(Beginning of Data excerpt)
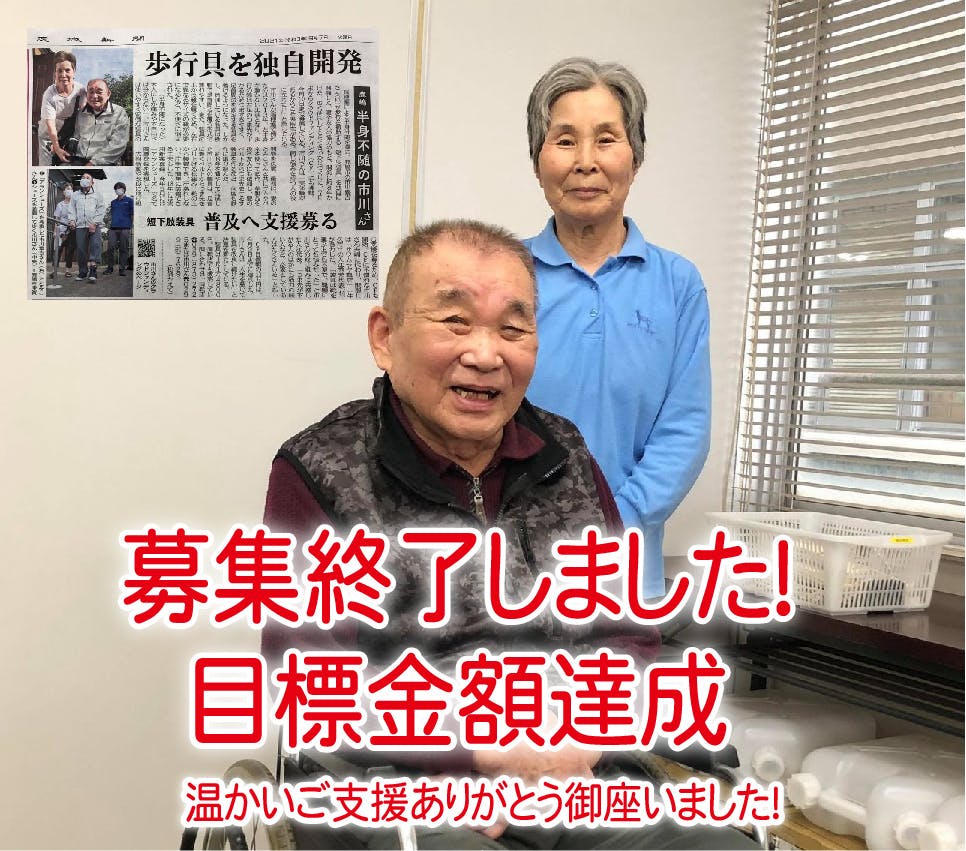 是非とも皆さまにご支援、ご利用願いたく思います。 今後は、使用上の私たちでは見つけられなかった不具合や改良点をつまびらかにすること。そして、ご支援いただきました資金を用いて、更に使い勝手の良い、歩行に悩む方々のお力になれるように改良を重ねより良い商品開発、皆さまにお届けしたいと思います。
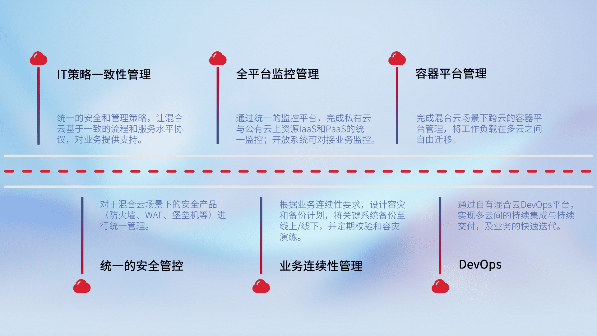 通过多云纳管,,,以统一的资源数据模型把客户的云资源进行抽象和封装,,,,进而实现对多云资源的统一操作,,,,保障云资源管理的可靠性、、稳定性与可用性。。。。量身定制化运维内容,,,配置、、开发运维、、、、补丁管理、、备份、、、监控、、、认证和访问管理、、审计和日常巡检等,,,保障在用云过程中的可靠度,,稳定度以及高可用率。。。。
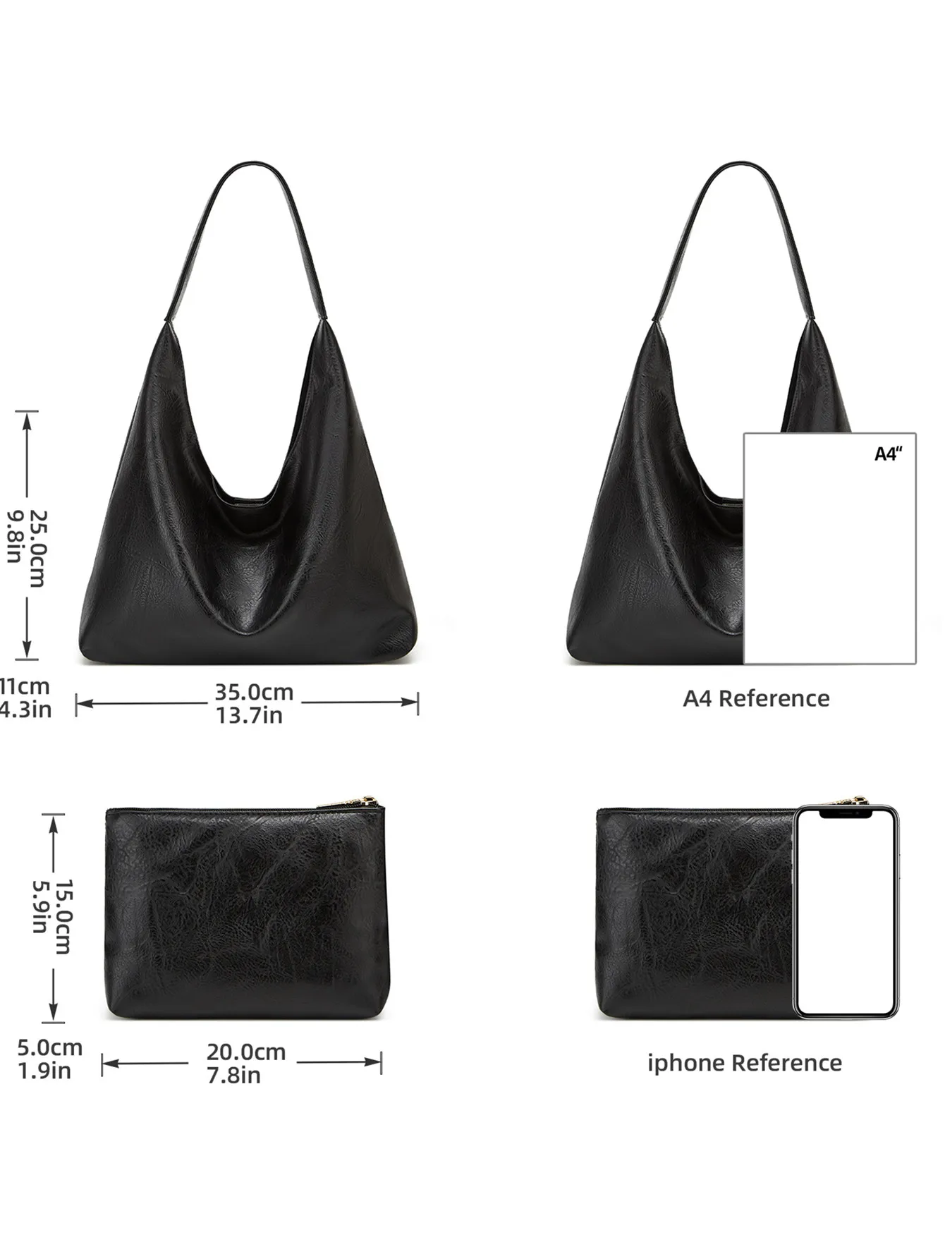 Slouchy Faux Leather Shoulder Bag with Matching Pouch
(End of Data excerpt)
## What needs to be done
Each line from the one containing "通过多云纳管,,,以统一的资" to the final line of the data must be printed exactly, both included, with nothing else and no pictures.

## Written response
 通过多云纳管,,,以统一的资源数据模型把客户的云资源进行抽象和封装,,,,进而实现对多云资源的统一操作,,,,保障云资源管理的可靠性、、稳定性与可用性。。。。量身定制化运维内容,,,配置、、开发运维、、、、补丁管理、、备份、、、监控、、、认证和访问管理、、审计和日常巡检等,,,保障在用云过程中的可靠度,,稳定度以及高可用率。。。。
 Slouchy Faux Leather Shoulder Bag with Matching Pouch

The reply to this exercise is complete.